◆ **EXERCISE REQUIREMENTS**: Give again, word for word, the lines below that run from the line with "Mu'awanah, NIM.: 04350102" through the line with "Размер вентилятора: 30x30x7 мм (ДхШхВ)". Drop the pictures.

◆ **RECORDS FOR THE EXERCISE**:
◇ ◇ ◇ ◇ ◇ ◇ ◇

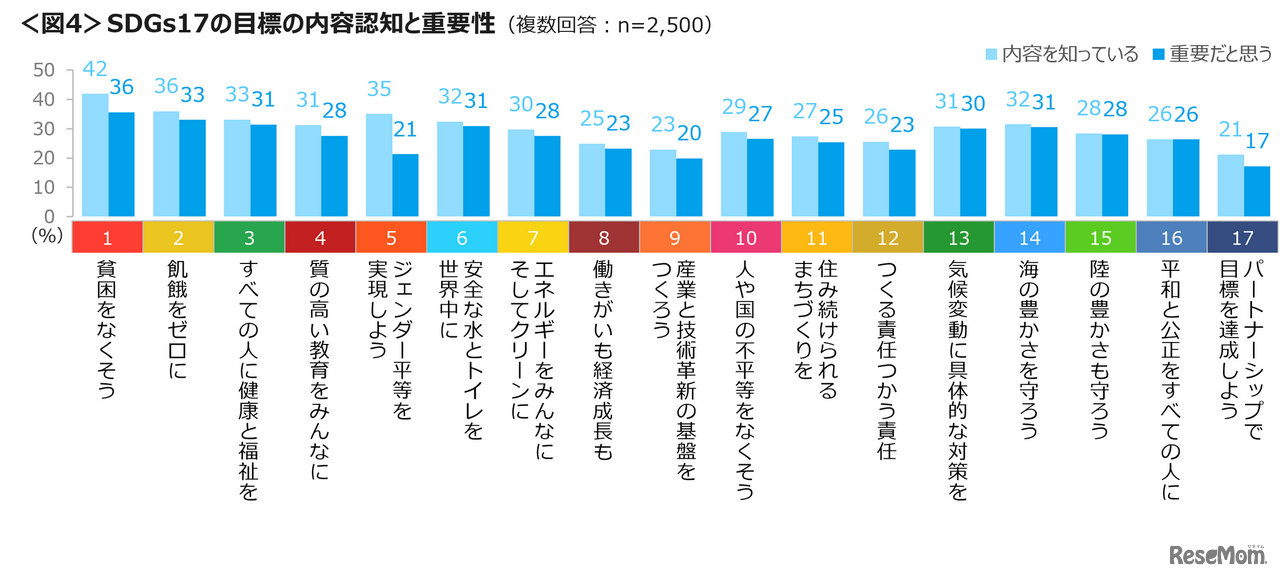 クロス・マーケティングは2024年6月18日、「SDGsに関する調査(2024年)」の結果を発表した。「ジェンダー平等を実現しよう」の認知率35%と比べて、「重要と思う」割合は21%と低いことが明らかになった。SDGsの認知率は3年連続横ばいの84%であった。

◇ ◇ ◇ ◇ ◇ ◇ ◇

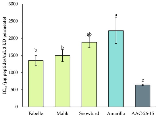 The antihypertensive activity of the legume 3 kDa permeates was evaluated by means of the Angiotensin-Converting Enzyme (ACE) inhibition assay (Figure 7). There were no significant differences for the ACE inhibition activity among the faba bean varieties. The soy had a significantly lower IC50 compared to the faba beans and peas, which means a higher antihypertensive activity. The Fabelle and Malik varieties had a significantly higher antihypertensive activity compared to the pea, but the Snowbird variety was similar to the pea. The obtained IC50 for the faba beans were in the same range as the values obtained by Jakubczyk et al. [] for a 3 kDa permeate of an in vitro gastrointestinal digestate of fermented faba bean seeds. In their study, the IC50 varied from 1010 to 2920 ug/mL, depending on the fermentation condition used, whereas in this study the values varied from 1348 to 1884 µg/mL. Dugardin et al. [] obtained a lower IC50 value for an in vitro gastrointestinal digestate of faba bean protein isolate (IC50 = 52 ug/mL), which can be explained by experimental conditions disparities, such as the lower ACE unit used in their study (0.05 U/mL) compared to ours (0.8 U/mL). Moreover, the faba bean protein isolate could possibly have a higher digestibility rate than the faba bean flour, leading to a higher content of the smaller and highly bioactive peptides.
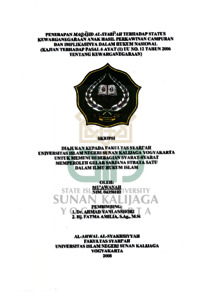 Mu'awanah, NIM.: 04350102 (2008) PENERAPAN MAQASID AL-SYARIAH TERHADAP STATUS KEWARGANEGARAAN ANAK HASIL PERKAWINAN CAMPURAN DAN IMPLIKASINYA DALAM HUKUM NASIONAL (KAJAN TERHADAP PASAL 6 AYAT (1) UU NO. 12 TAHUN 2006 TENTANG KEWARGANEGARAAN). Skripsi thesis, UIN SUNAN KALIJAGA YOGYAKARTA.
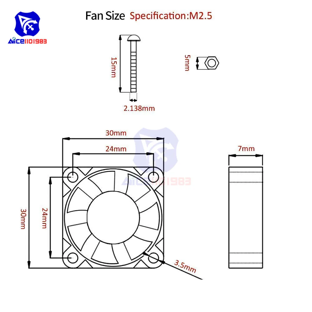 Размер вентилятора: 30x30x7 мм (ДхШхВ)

◇ ◇ ◇ ◇ ◇ ◇ ◇

◆ **TASK RESPONSE**:
 Mu'awanah, NIM.: 04350102 (2008) PENERAPAN MAQASID AL-SYARIAH TERHADAP STATUS KEWARGANEGARAAN ANAK HASIL PERKAWINAN CAMPURAN DAN IMPLIKASINYA DALAM HUKUM NASIONAL (KAJAN TERHADAP PASAL 6 AYAT (1) UU NO. 12 TAHUN 2006 TENTANG KEWARGANEGARAAN). Skripsi thesis, UIN SUNAN KALIJAGA YOGYAKARTA.
 Размер вентилятора: 30x30x7 мм (ДхШхВ)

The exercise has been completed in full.